### YOUR ASSIGNMENT
The entries below contain a line with "A winter green bean plantation." and a line with "Dotace na provoz". Retype exactly everything from the first down to the second, both included, and nothing else.

### EXERCISE MATERIAL

__________

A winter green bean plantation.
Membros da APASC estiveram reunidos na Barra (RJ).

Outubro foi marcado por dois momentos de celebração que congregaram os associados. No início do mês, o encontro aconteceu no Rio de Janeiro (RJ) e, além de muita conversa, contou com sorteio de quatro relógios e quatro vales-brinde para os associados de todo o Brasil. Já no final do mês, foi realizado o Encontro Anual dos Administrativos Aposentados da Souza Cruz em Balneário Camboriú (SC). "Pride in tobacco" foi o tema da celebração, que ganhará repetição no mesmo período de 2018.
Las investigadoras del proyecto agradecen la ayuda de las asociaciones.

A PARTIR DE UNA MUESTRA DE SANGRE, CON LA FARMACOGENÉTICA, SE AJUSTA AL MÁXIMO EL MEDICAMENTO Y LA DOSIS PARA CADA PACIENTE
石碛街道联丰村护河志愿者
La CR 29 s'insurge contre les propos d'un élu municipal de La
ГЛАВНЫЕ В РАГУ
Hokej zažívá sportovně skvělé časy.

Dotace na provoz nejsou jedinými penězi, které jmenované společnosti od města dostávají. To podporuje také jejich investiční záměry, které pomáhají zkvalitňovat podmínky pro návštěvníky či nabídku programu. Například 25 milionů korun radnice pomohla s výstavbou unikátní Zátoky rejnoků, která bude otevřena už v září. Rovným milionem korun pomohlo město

__________

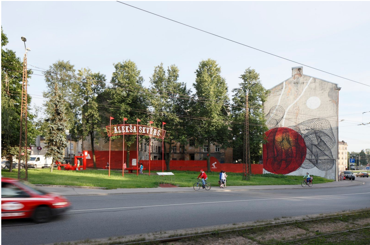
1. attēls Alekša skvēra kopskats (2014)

__________

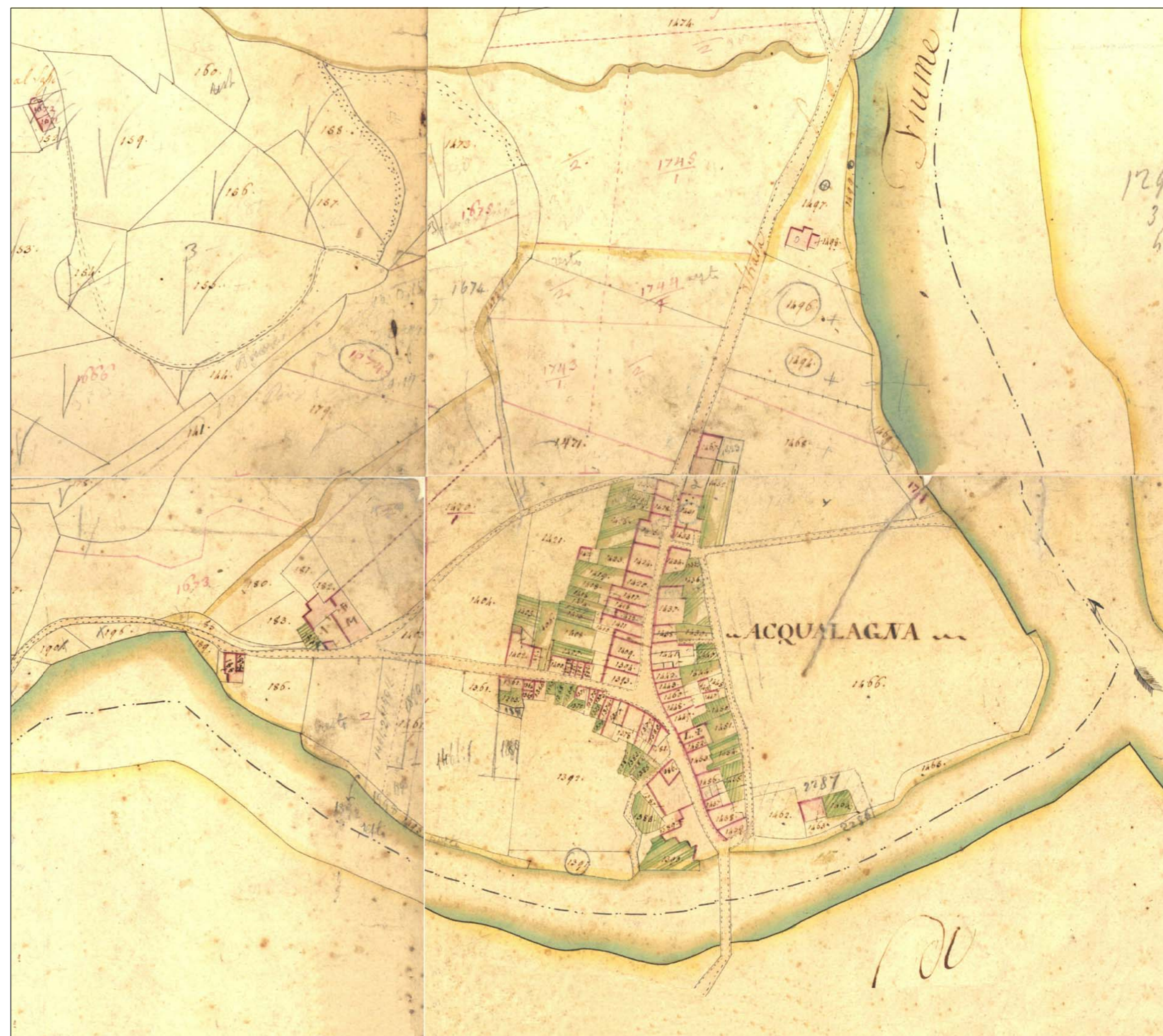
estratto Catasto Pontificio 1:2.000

__________

### RESULT OF THE TASK
A winter green bean plantation.
Membros da APASC estiveram reunidos na Barra (RJ).

Outubro foi marcado por dois momentos de celebração que congregaram os associados. No início do mês, o encontro aconteceu no Rio de Janeiro (RJ) e, além de muita conversa, contou com sorteio de quatro relógios e quatro vales-brinde para os associados de todo o Brasil. Já no final do mês, foi realizado o Encontro Anual dos Administrativos Aposentados da Souza Cruz em Balneário Camboriú (SC). "Pride in tobacco" foi o tema da celebração, que ganhará repetição no mesmo período de 2018.
Las investigadoras del proyecto agradecen la ayuda de las asociaciones.

A PARTIR DE UNA MUESTRA DE SANGRE, CON LA FARMACOGENÉTICA, SE AJUSTA AL MÁXIMO EL MEDICAMENTO Y LA DOSIS PARA CADA PACIENTE
石碛街道联丰村护河志愿者
La CR 29 s'insurge contre les propos d'un élu municipal de La
ГЛАВНЫЕ В РАГУ
Hokej zažívá sportovně skvělé časy.

Dotace na provoz nejsou jedinými penězi, které jmenované společnosti od města dostávají. To podporuje také jejich investiční záměry, které pomáhají zkvalitňovat podmínky pro návštěvníky či nabídku programu. Například 25 milionů korun radnice pomohla s výstavbou unikátní Zátoky rejnoků, která bude otevřena už v září. Rovným milionem korun pomohlo město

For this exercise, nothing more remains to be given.